**TASK**: You are asked to repeat the listing word for word and to leave out its pictures.

**INFORMATION PROVIDED**:
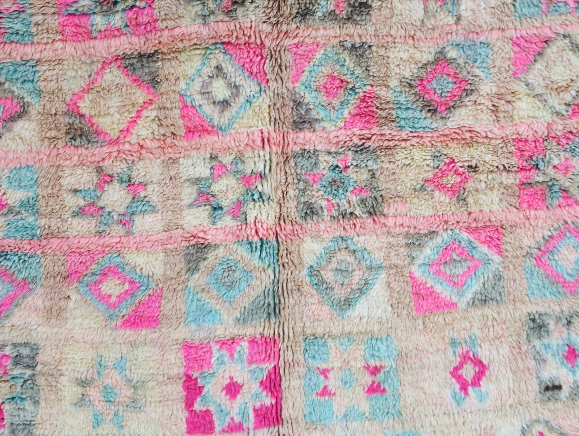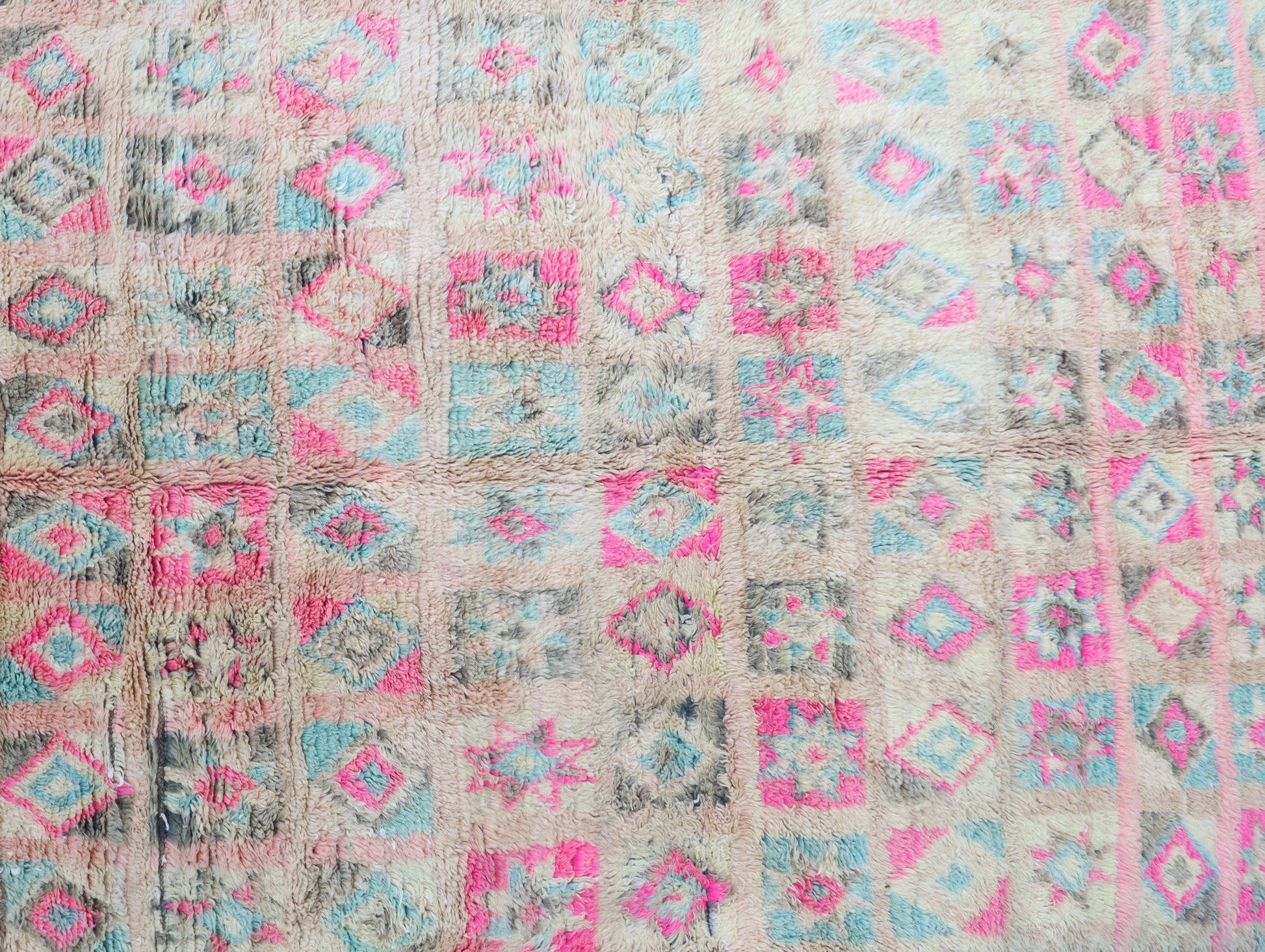 A truly unique vintage rug, meticulously hand-knotted by the Zemmour tribes from Morocco's Middle Atlas range. Size:  6'4" x12'6" (196 cm x 383 cm),
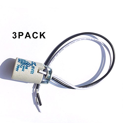 FINELED E12 Mini-Candelabra Screw ceramic lampholder socket,with 10 inch lead wires (3PACK)
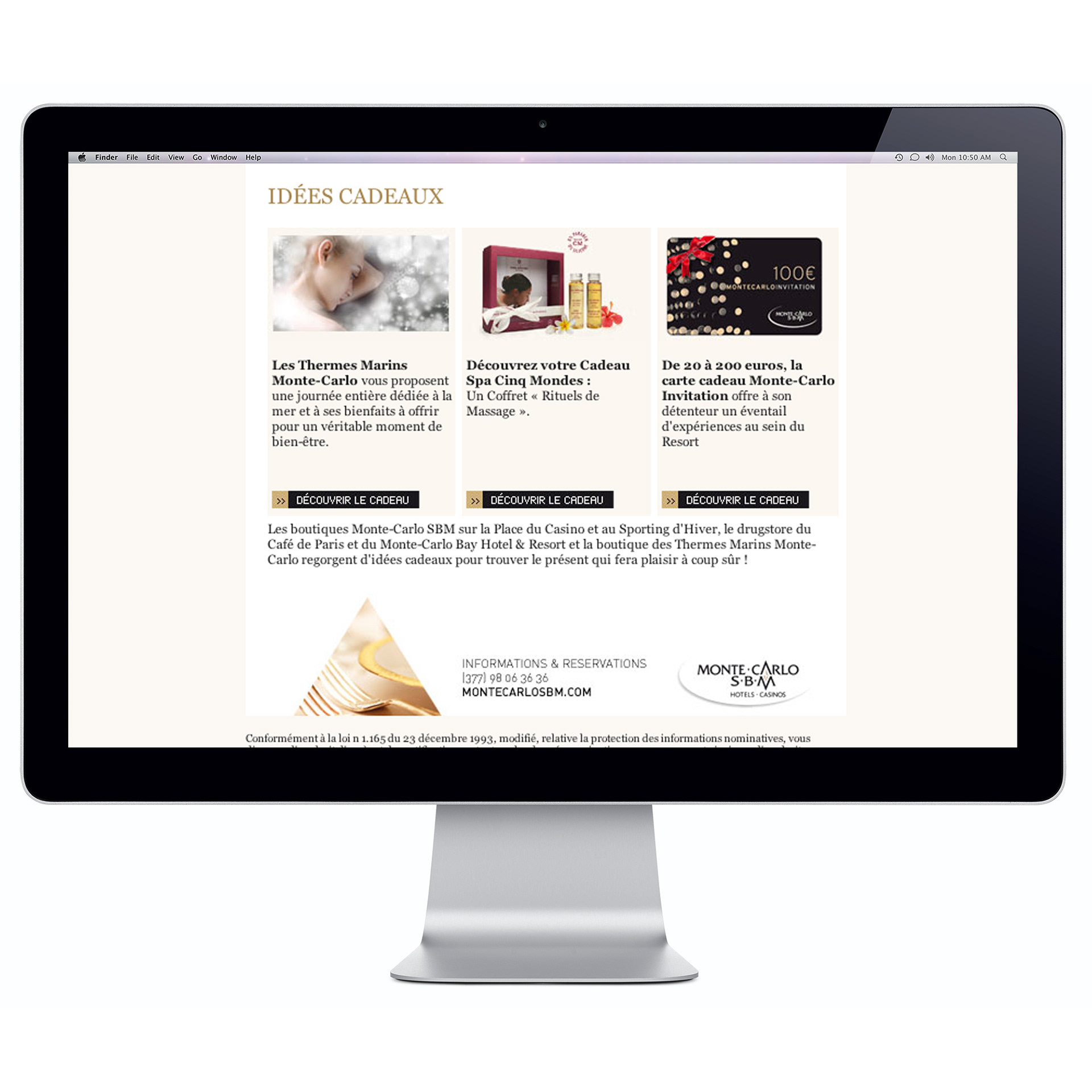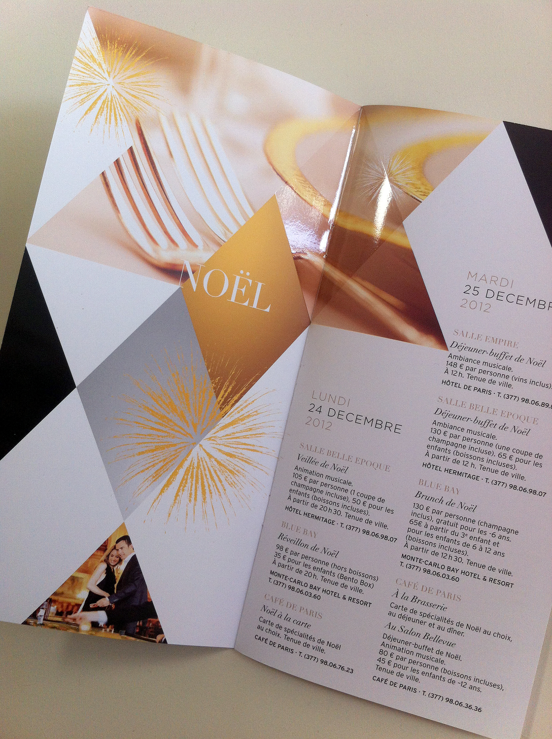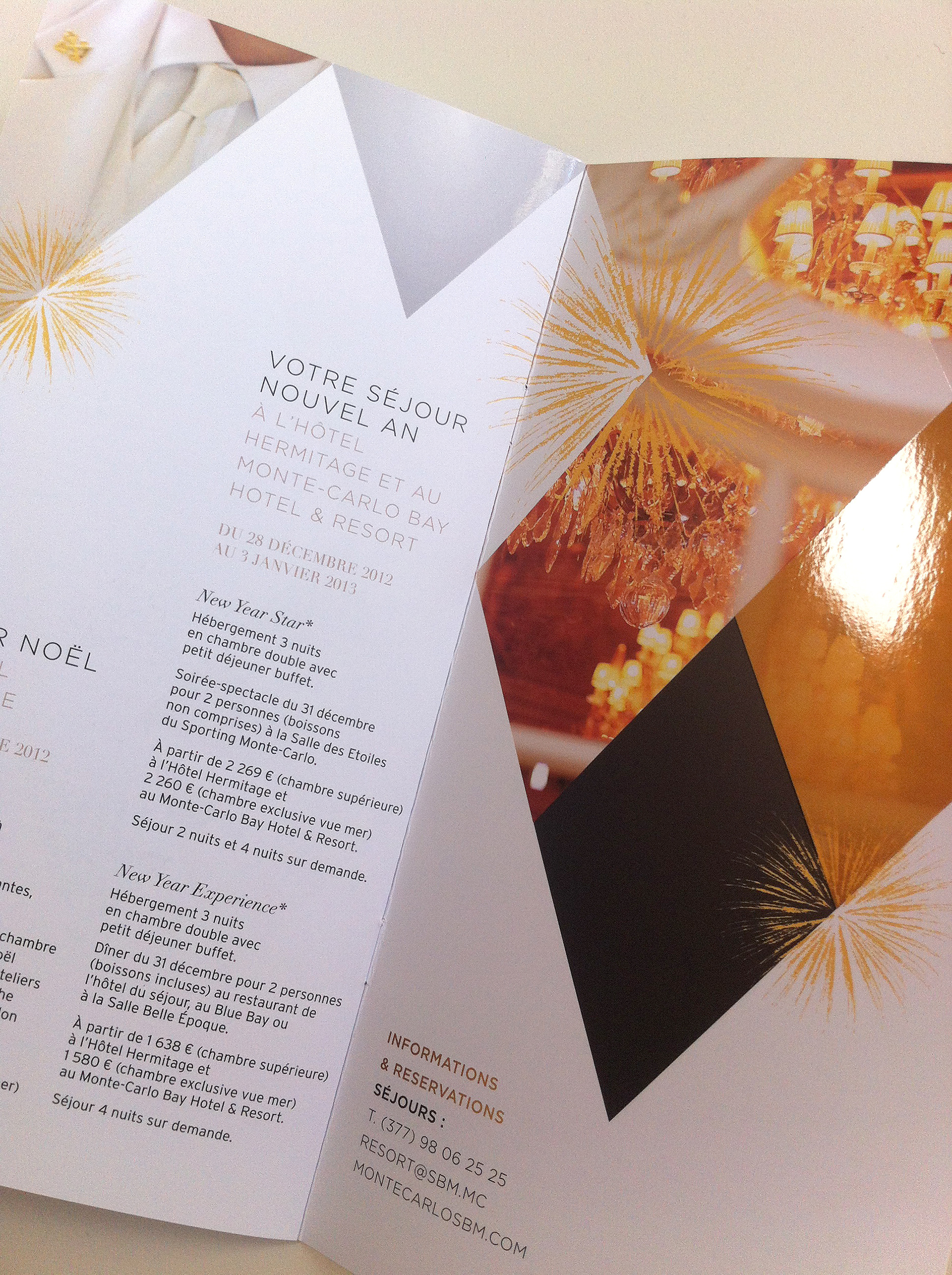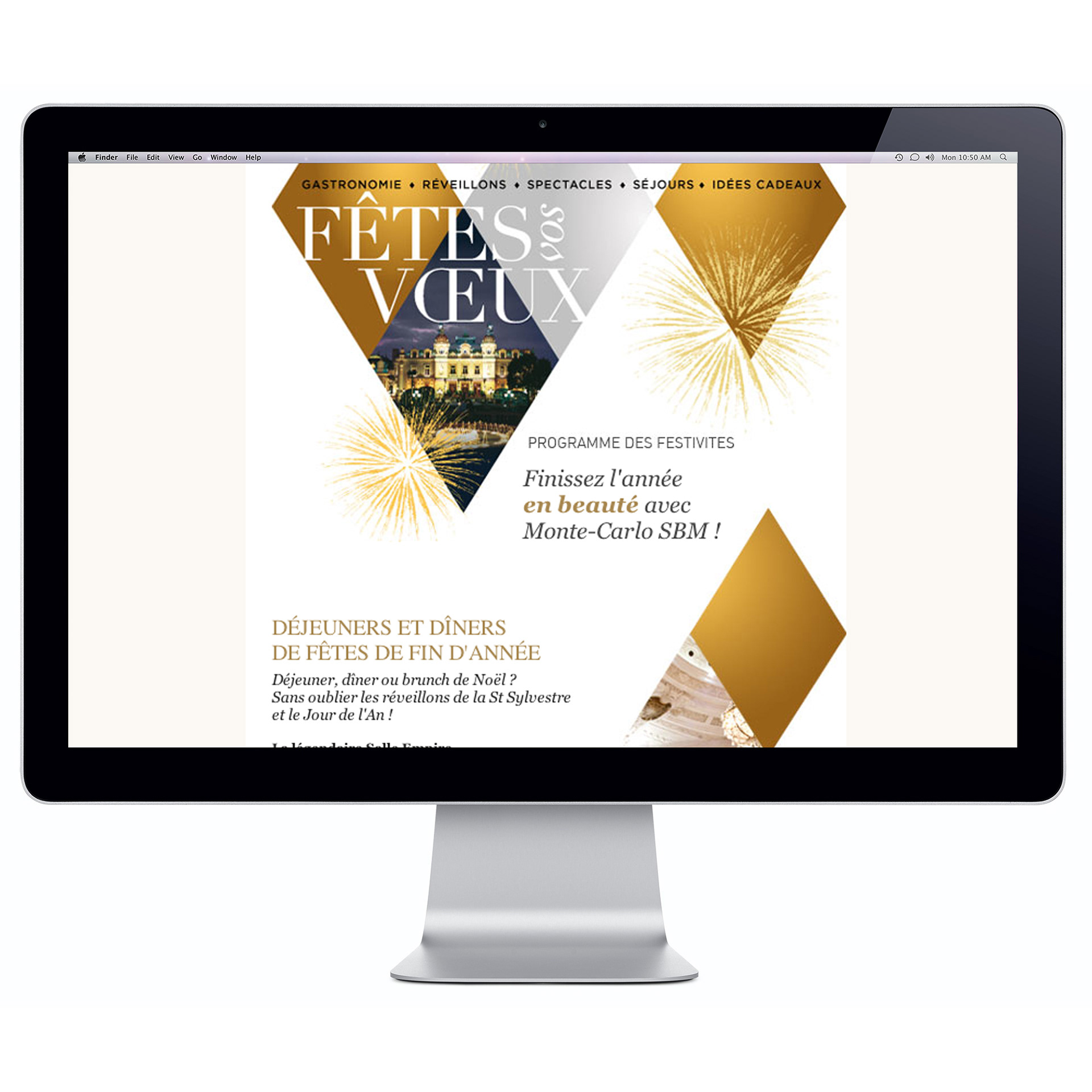 Conception de campagne promotionnelle pour les Réveillons et événements de fin d'année à Monte-Carlo au sein des établissements prestigieux Monte-Carlo SBM —hôtels, restaurants, casinos, salles de spectacle. Affichage, programme, e-mailing...

**EXPECTED ANSWER**:
 A truly unique vintage rug, meticulously hand-knotted by the Zemmour tribes from Morocco's Middle Atlas range. Size:  6'4" x12'6" (196 cm x 383 cm),
 FINELED E12 Mini-Candelabra Screw ceramic lampholder socket,with 10 inch lead wires (3PACK)
 Conception de campagne promotionnelle pour les Réveillons et événements de fin d'année à Monte-Carlo au sein des établissements prestigieux Monte-Carlo SBM —hôtels, restaurants, casinos, salles de spectacle. Affichage, programme, e-mailing...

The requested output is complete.